We thank the reviewers for careful reading and encouraging comments. $
General responses:
>On parameters alpha and beta of CW/ECW-RMED
First, parameter alpha urges the draw of each pair for o(log T) times and is used for assuring the quality of the estimator \hat{\mu}_{i,j}. Such quality-assuring parameters are often used in some variants bandit problems (e.g, 8log n in UCB1-NORMAL [Auer+2002], log(log n) in CKL-UCB [Magureanu+2014]).
Second, we apology for a mistake: the true value of beta is 0.01 (not 0.1) throughout all experiments in this paper, which means that the exploration by Step 4 occurs more infrequently than in the algorithm with beta=0.1. Anyway, the algorithm is not sensitive to the choice of beta as long as it is small. In fact, we experimentally confirmed that setting beta=0 yields almost the same results as the ones in the paper. Based on this observation, we conjecture that parameter beta is a theoretical artifact. Technically, beta is required for bounding the regret when the quality of the estimation is low (equation (32)).
In summary, positive alpha seems to be necessary theoretically and practically, but its influence to the regret is easily controlled.
A large beta sometimes causes enormous regret but a very small beta or beta=0 is practically sufficient.
>Theorem 3 and 4
We think that that the regularity conditions are not very restrictive because the solution of an LP is non-unique only for degenerate cases. For example, the solution becomes unique if the 0.8s in the MultiSol preference matrix are replaced by values that are slightly different to each other (e.g., The 0.8s are replaced by 0.8001, 0.8002, 0.8003, and so on). Moreover, these conditions are required only for deriving an optimal constant in front of the O(log T) term: it is not difficult to prove that the algorithms have O(log T) regret without the regularity conditions.
>best-arm identification
We agree in that the best-arm identification is sometimes more appropriate than the reward maximization. We would also like to note that, most (not all) of best-arm identification literature deals fixed-time problems (fixed-confidence or fixed-round) and thus bandit algorithms are easier to deploy when the number of time steps (users) is difficult to estimate beforehand, even in the case where the best-arm identification the actual objective.
Responses to Reviewer 1:
As to parameter beta, please see the general response above. We will add a discussion on the role of these parameters in the camera-ready.
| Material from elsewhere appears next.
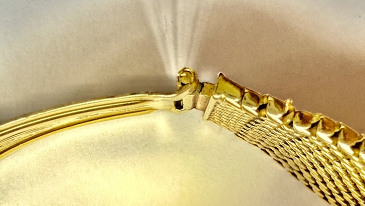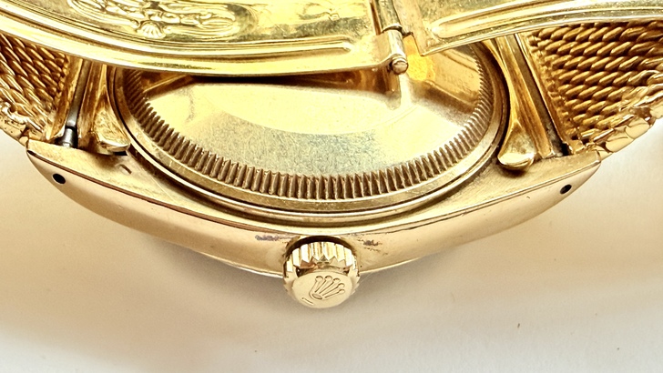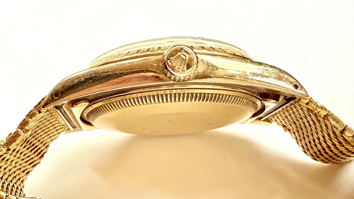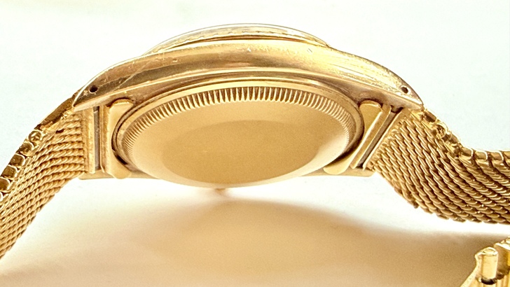 同時因為是英國錶殼,就不會有原裝勞力士錶帶的出現,那麼這條18K金的編織錶帶產自何地?按照1970s–1980s香港具備的:「無黃金材料進出口限制、成熟金工師傅體系(來自廣東)、客製化能力遠高於瑞士制式帶」的條件,這種「原錶頭+客製重金帶」的高端玩法只能出自當時還在英國治理之下的香港,當時的香港就是一個「黃金工藝自由市場」。所以這只金錶就成了「瑞士機芯+英國殼+香港帶」的組合,是1970年代末全球鐘錶產業結構與稅制共同作用的結果。
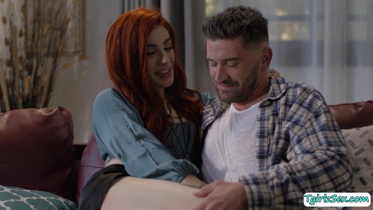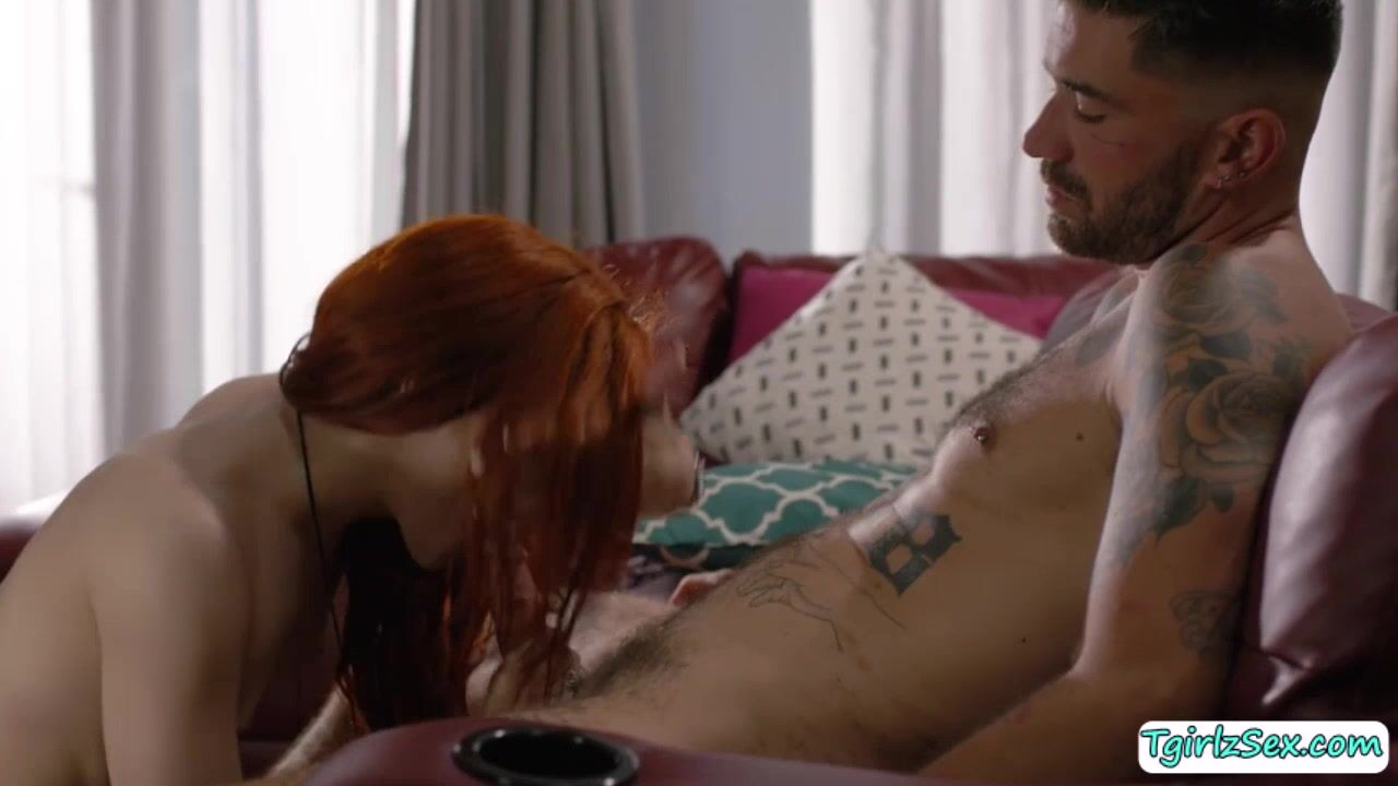 Description: Slim ts beauty Ariel Demure picks up a random man ont he street while her husband is away. She fills in her lust by sucking his cock tenderly before bounces on it on the couch.

We will add some simple example and compare the regret of RMED and CCB in the supplementary material. This will (i) help understanding the lower bound and (ii) help understanding where the gap between the regret bounds of CW/ECW-RMED and CCB comes from.
Responses to Reviewer 2:
>best-arm identification
As pointed out by Reviewer 3, the primal application of the dueling bandit problem is the interleaved comparison in ranker evaluation tasks, where it is natural to consider an online utility (reward) maximization. In this case, comparing an arm with itself corresponds to a pure ranker (without interleaved comparison), and the utility is based on the goodness of each ranker. Please also see the general responses above.
>parameters alpha and beta
The logarithmic regret bound of CW/ECW-RMED is independent of the values of alpha and beta. For any alpha, beta>0, CW-RMED is optimal, and ECW-RMED has a divergence-based regret bound that is close to optimal.
Responses to Reviewer 3:
>mu_ij != 1/2
We think that it is difficult to remove the assumption as it is also posed in the previous paper (Zoghi+ NIPS2015).
Relaxing this assumption (possibly, \epsilon-tolerant Copeland winner?) is a possible future work from a practical point of view because sometimes mu_ij is close to 1/2.